# The llvm's have a newer version, i need to recompile 2500 ports.



## Alain De Vos (Dec 7, 2022)

Can this be avoided ? This takes a week on my PC.


----------



## laurentis (Dec 7, 2022)

Aah the new version of llvm!
Yesterday I tried to build devel/llvm15 but that consumed all my memory and swap, drank all my booze, and ordered pizza with toppings I didn't like.
I had to recompile with BE_NATIVE and option FLANG off and then it behaved. 

As for your 2500 dependencies, you could cheat a bit and try to build direct dependencies only.


----------



## Alain De Vos (Dec 7, 2022)

I use poudriere. No idea what direct dependencies mean.


----------



## Datapanic (Dec 7, 2022)

Have you tried ports-mgmt/poudriere-devel and the PACKAGE_FETCH_* options in poudriere.conf?  I think it might be used to fetch packages like llvm* and use that instead of building llvm* package(s), but I might be wrong.  I have been able to fetch the packages I give to PACKAGE_FETCH_WHITELIST but it still builds those packages.


----------



## Alain De Vos (Dec 7, 2022)

Still even if i don't build llvm directly i must recompile thousands of it's dependencies.
Even if llvm goes a "minor-upgrade".


----------



## sko (Dec 8, 2022)

Datapanic said:


> Have you tried ports-mgmt/poudriere-devel and the PACKAGE_FETCH_* options in poudriere.conf?  I think it might be used to fetch packages like llvm* and use that instead of building llvm* package(s), but I might be wrong.  I have been able to fetch the packages I give to PACKAGE_FETCH_WHITELIST but it still builds those packages.



I had the same experience when trying to avoid building rust, which is a ressource-hogging piece of junk (fails 4 out of 5 times on a host with 32GB RAM and kills half of everything running on it during the process...). It seems PACKAGE_FETCH_* is completely ignored or just broken...


----------



## astyle (Dec 8, 2022)

This is why I'm looking at ways to use Poudriere - figuring out how to build just a subset of stuff I want to upgrade (compiled with my own options, of course), while leaving everything else untouched. In my case, that subset is KDE. But the process, once ironed out, should be applicable for just about any subset of packages. A few other subsets could include OpenCV/multimedia stuff... 

That kind of use does have limitations - eventually dependencies become stale, and need to be updated.

BTW, as I recall, OP seems to like make.conf... in there, OP can specify that default LLVM should be v. 13 or 14...


----------



## zirias@ (Dec 9, 2022)

sko said:


> I had the same experience when trying to avoid building rust, which is a ressource-hogging piece of junk (fails 4 out of 5 times on a host with 32GB RAM and kills half of everything running on it during the process...). It seems PACKAGE_FETCH_* is completely ignored or just broken...
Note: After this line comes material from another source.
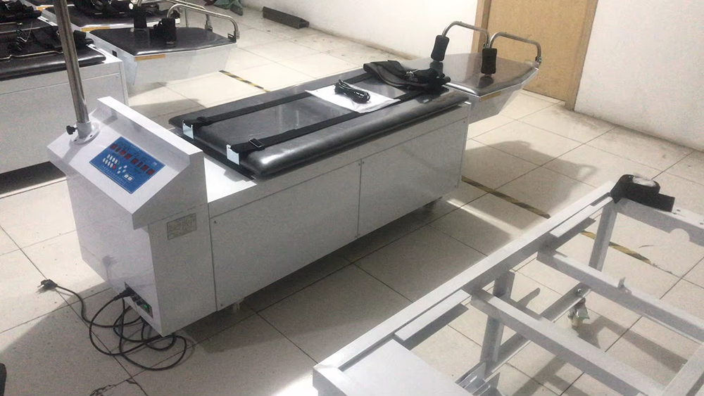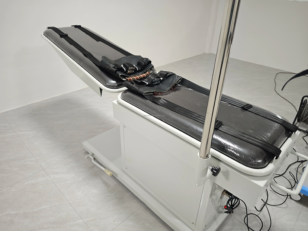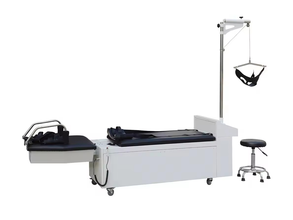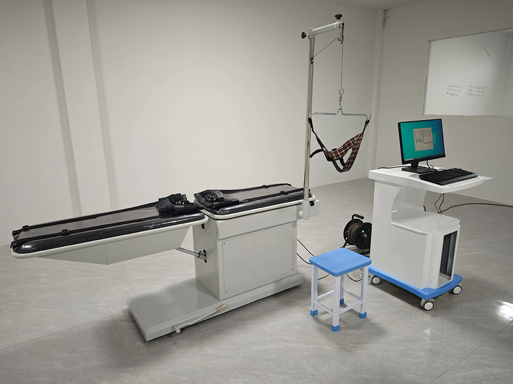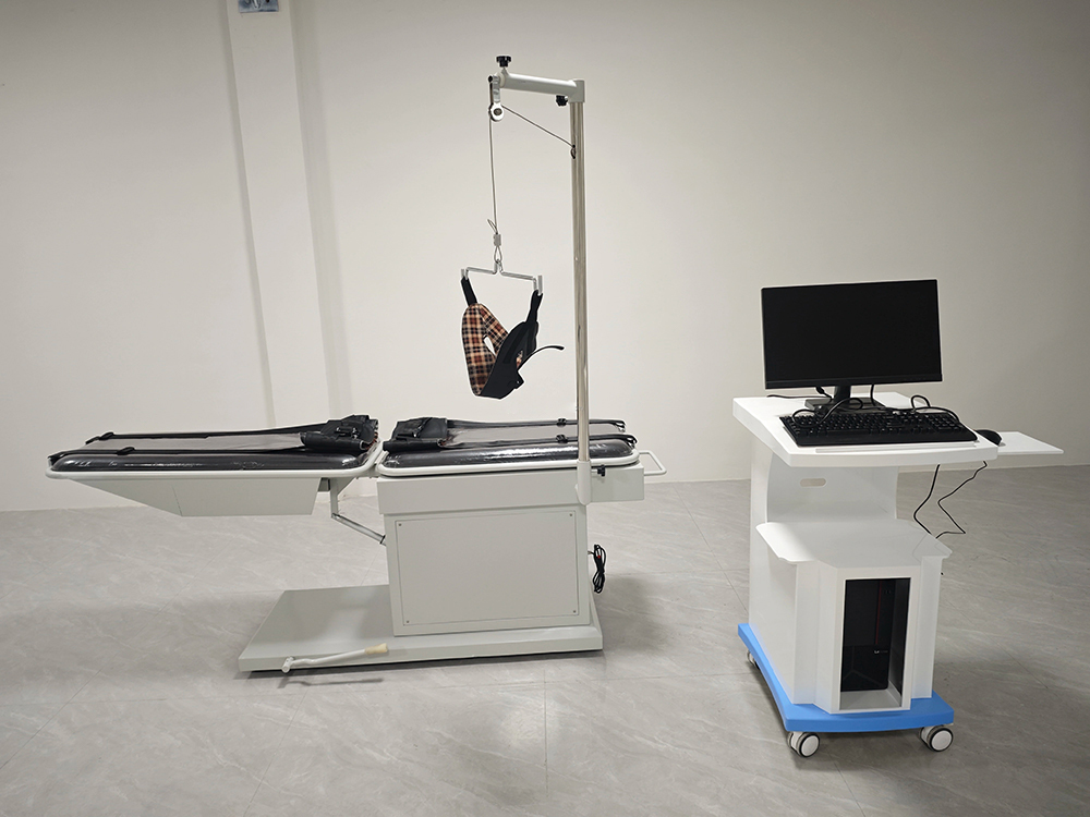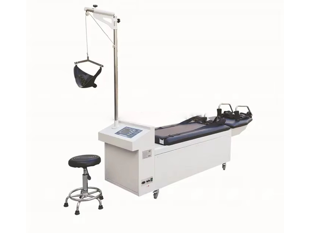 Is leaba tarraingt cóireála tríthoiseach cheirbheacsach agus spine lumbar é an táirge seo, agus tá na sonraí go léir á rialú ag microcontroller, taispeáint LCD, agus mótair líneach mar fhórsa tiomána, ag baint amach cóireáil chliste go hiomlán. Déantar rothlú agus uillinneacha uilleacha a thomhas ag baint úsáide as teicneolaíocht ionchódaithe uainíochta, rud a fhágann go bhfuil tomhas uillinn níos cruinne. Tá an éifeacht cóireála ceartúcháin suntasach go háirithe don chomhpháirteach lumbar posterior. I gcleachtas cliniciúil, is féidir tarraingt cothrománach, tarraingt uilleach, agus tarraingt rothlach a dhéanamh ar leithligh nó i dteannta a chéile chun neamhdhóthanacht aon ghníomhaíochta amháin a shárú agus tarraingt tríthoiseach a bhaint amach. Is féidir tarraingt lumbar agus tarraingt ceirbheacsach a dhéanamh go comhuaineach. Chun sábháilteacht an othair a áirithiú, nuair a bhíonn an teannas muineál níos mó ná 200N, ní mór an cnaipe dearbhaithe a bhrú sula méadaítear an teannas muineál. Nuair a mhothaíonn an t-othar tinn, is féidir leo an cnaipe cúlaithe éigeandála a bhrú agus tarraingeoidh an mheicníocht tarraingthe siar láithreach.

It is not. But no matter whether packages are fetched or were built locally, strict rules apply: If a package has different options, a different version, different linked library versions _or even_ different versions of _dependencies_, it is deleted and rebuilt. This is done recursively, so any transitively dependent packages are built as well.

Your ports tree will almost always be a bit newer than the state used to build the latest official packages. Especially with packages depending on lots of other packages or on very "active" packages, you'll end up most of the time building the package because the official package isn't a perfect match any more.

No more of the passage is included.